Doesn’t really solve your problem, though, does it? The fact would still remain that the existence of what appear to be “orphan” or “de novo” genes is just an artifact, whether the apparent absence of orthologous genes in related lineages is the result of neo-functionalization of non-coding sequences, or of inactivation of functioning genes.

But I now see that the scientists have shown you are wrong, anyway, so that’s that.
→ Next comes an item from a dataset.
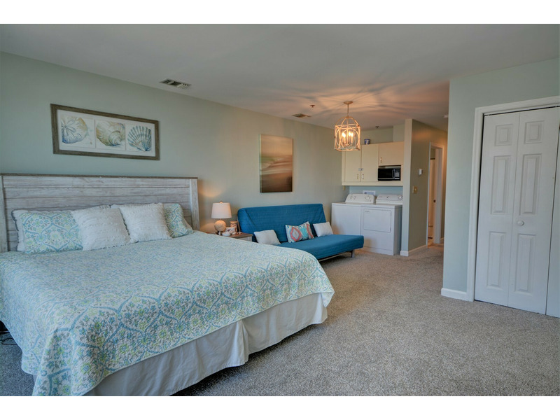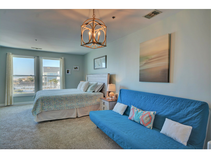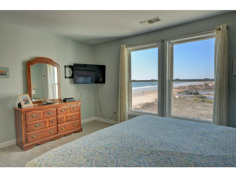 At the end of the hallway, you will find the doors to the other two bedrooms. On your left is the large queen sized bedroom with private full bathroom and access to the balcony and great ocean views. Across the hall is the master suite. Wake up looking at the ocean from this huge master suite which has a King sized bed with pillowtop mattress, private full bathroom and sitting area. Since this is a corner condo, you can see all the way to Surf City on a clear day from thisroom - the views are unparalleled. Plus, this suite allows for complete privacy!! All 3 bedrooms have flat screen TVs and this unit has dedicated high speed wireless internet available for all guests (separate from the community wifi)!

I suppose we’ll be hearing no more of this “de novo” gene argument from you ID creationists. Correct?

@Patrick: Thanks for the link to the article. Its really intriguing.

Leaves me wondering what somebody like James Shapiro will make of this study. Seems right up his alley.

Unfortunately, it does sound like something up James Shapiro’s alley. He will take the already known and widely accepted mechanisms, give them a new name, and then act as if he has discovered something new. That’s pretty much what he did with “natural genetic engineering”.


And because of the great work done by science popularizers like Richard Dawkins, people will actually believe him…

What he is talking about is a far cry from what is generally taught in class rooms.

No, it isn’t. What James Shapiro talks about are random mutations as they are taught in the class rooms. If you feel so inclined, you could start a thread on the subject and we could discuss more.

Will take you on your word…
To clarify, I was referring to high school.